*Exercise*.
Using the records below, repeat exactly the lines from the one holding "- ↑ Die von" through the one holding "用户进入在课程安排页面,浏览", both ends included, and no others.

*Exercise material*.
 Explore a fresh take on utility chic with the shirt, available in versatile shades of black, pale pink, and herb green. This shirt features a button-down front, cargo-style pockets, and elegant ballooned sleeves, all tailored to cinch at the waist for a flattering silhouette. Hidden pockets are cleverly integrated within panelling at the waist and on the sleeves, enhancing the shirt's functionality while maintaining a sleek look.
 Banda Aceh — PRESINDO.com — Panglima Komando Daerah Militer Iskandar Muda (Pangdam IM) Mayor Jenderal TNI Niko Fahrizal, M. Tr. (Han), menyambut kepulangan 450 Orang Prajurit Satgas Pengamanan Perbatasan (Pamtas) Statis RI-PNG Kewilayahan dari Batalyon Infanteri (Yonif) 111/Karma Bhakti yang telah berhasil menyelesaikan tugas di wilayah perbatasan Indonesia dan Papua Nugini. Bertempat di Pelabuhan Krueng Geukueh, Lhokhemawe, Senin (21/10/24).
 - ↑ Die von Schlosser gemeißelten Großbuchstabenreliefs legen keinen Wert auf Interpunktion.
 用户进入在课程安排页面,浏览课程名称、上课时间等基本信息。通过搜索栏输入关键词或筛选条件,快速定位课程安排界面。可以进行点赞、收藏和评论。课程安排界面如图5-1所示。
...
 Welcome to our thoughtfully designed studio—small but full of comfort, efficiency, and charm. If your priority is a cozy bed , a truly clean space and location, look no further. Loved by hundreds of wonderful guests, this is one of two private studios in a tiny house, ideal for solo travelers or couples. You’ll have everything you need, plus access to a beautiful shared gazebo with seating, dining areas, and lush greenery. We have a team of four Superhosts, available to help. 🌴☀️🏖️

*Expected answer*.
 - ↑ Die von Schlosser gemeißelten Großbuchstabenreliefs legen keinen Wert auf Interpunktion.
 用户进入在课程安排页面,浏览课程名称、上课时间等基本信息。通过搜索栏输入关键词或筛选条件,快速定位课程安排界面。可以进行点赞、收藏和评论。课程安排界面如图5-1所示。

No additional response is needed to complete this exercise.